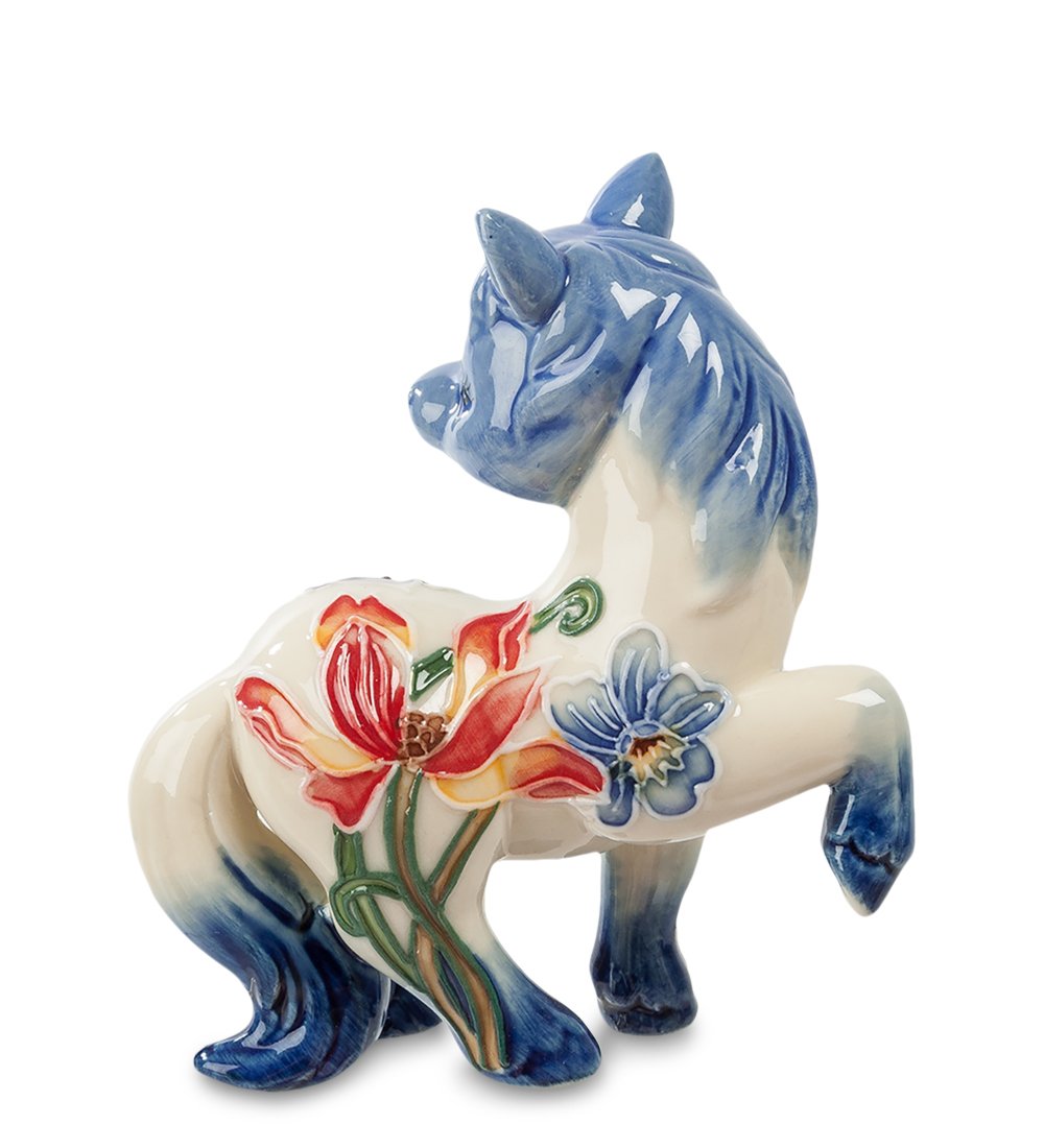 Маленькая фарфоровая лошадка, все тело которой украшено изображениями невероятно красивых цветов - что может быть прекрасней? Тонкая, искусная работа мастера чувствуется в каждом плавном изгибе, в каждой линии этой статуэтки. Нежные цвета в сочетании с рисунками на теле создают невероятную картину, которой можно любоваться часами.
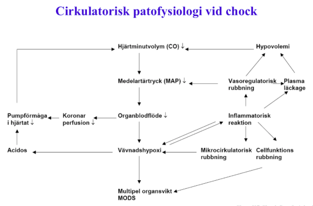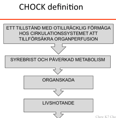 Beskriv patogenesen och mekanismerna bakom chock? (3p)
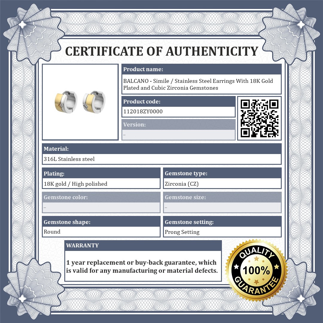BALCANO - Simile / Stainless Steel Earrings With 18K Gold Plated and Cubic Zirconia Gemstones

--

** PROBLEM TO SOLVE **
What should appear is an exact reproduction of the lines from the one with "Beskriv patogenesen och" through the end of the material above, and no pictures.

** ANSWER FOR THIS EXERCISE **
 Beskriv patogenesen och mekanismerna bakom chock? (3p)
BALCANO - Simile / Stainless Steel Earrings With 18K Gold Plated and Cubic Zirconia Gemstones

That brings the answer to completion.